Henri-Frederic Amiel once said “You desire to know the art of living, my friend? It is contained in one phrase: make use of suffering”. Art communicates messages of suffering and meaning behind pain. Vincent Van Gogh took his suffering and painted it onto a canvas. Edgar Allen Poe took his pain and wrote it down on paper. Suffering captured, pain immortalized.

Many have realized that there is a correlation between great pain and great inner strength and that through suffering and hard times, you get to better understand yourself. We use pain to better ourselves as a whole, put it to use so the suffering we experience isn’t for nothing. When you’re in pain, you’re vulnerable and this reminds us that we’re human. But what counts as true pain? When does hurt become suffering? Who draws the line? As teenagers, we are told that our pain isn’t “true pain”, nothing worthy enough to study or dissect. As Savannah Brown says,

“I’ve been told mine was more a sort of hot cold easy road

teenage pseudo pain

a kind of velvet sheen sugar sweet easy to digest pain

easy to relate pain

for some reason it goes down smoother than proper hurt ought to

more like clawing at a rash than shattering your spine”

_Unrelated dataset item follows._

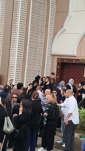 وبدت سماحة في حالة من الانهيار لحظة وصول الجثمان لمسجد الشرطة بالشيخ زايد، وسط حضور عدد من النجوم والشخصيات العامة منهم، المنتج محمد السعدي عضو مجلس إدارة الشركة المتحدة للخدمات الإعلامية، والفنانة إلهام شاهين، والإعلامية لميس الحديدي، والدكتور أشرف زكي نقيب المهن التمثيلية، والمخرج محمد سامي، الكاتب والسيناريست مدحت العدل.
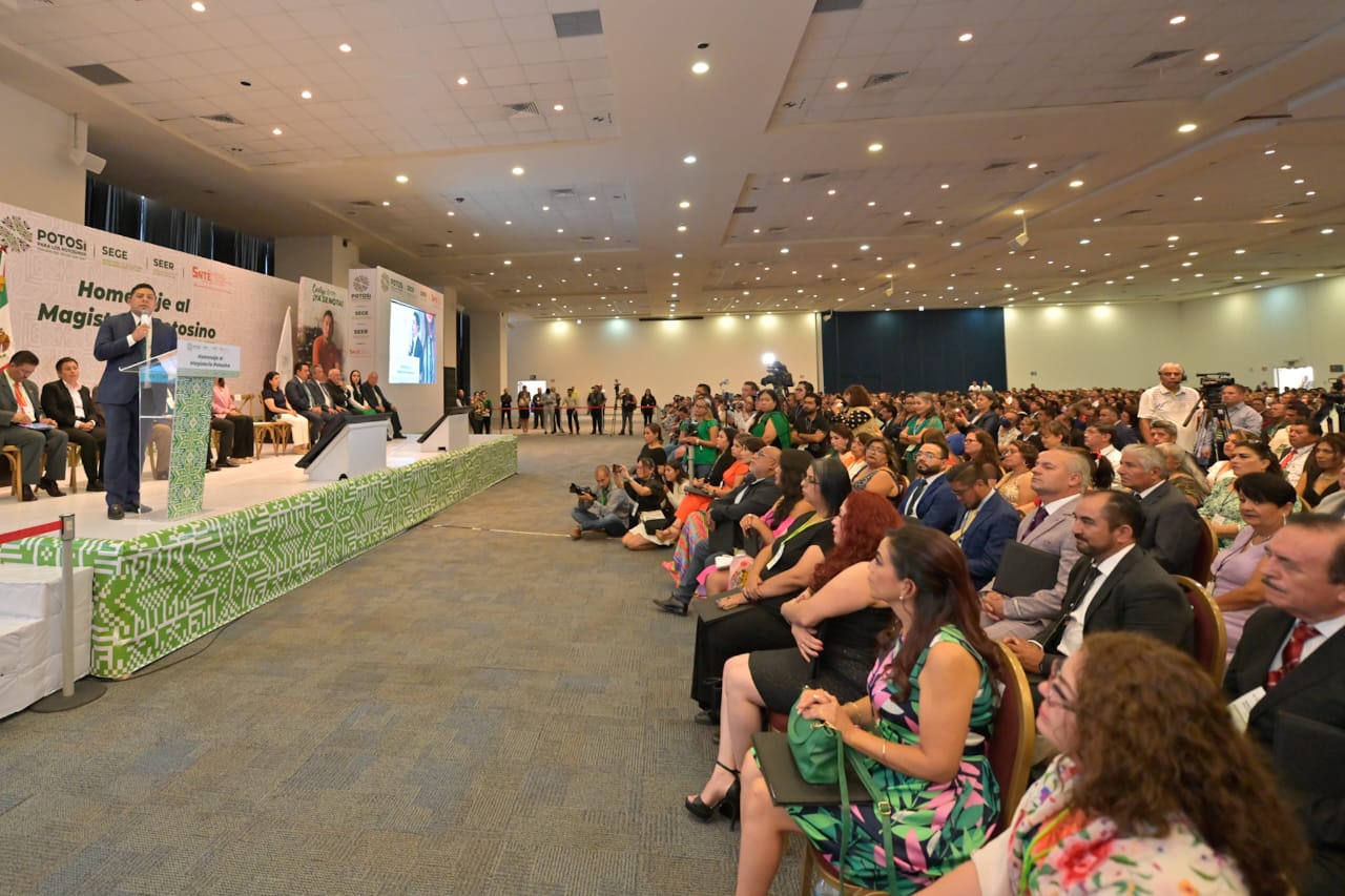 “San Luis Potosí será uno de los cinco estados más importantes del país y para lograrlo los necesitamos, le estamos apostando a la educación, porque es la verdadera palanca del cambio y del desarrollo; que ustedes tengan el reconocimiento social que merecen y una remuneración digna. Las y los maestros de San Luis Potosí son los mejores aliados de este Gobierno, para transformar al Estado”, expresó.

Her poem resonates with so many people because they understand what it’s like to be told their hurt isn’t bad enough. She says that her most popular poems are the ones she wrote when she hated herself. We relate to pain. Perhaps, art inspired by pain is the most popular because pain feels lonely. When you’re happy, you’re aware of the people around you that can be happy with you, and when you’re sad you’re still aware of the people around you who are happy. With pain comes loneliness, all too often we believe that we have to suffer through our pain by ourselves. Art reminds us that we aren’t alone (as cliché as that sounds).

Everyone suffers, whether it be from

anxiety or depression or OCD or anything, but in those moments of suffering, we internalize and forget that other people suffer too. When we come across a poem or a piece of art or a song that’s formed out of pain, we understand it’s meaning. Art made through pain is a comfort because when you’re in pain, it’s personal, lonely whereas you can find someone to share in your happiness. So it makes sense why pain is an art form. Happiness is already beautiful, pain is not, so we take the pain and make it beautiful. Artists take the hurt, separate it from themselves, dissect it, share it, and suddenly the hurt isn’t unbearable anymore.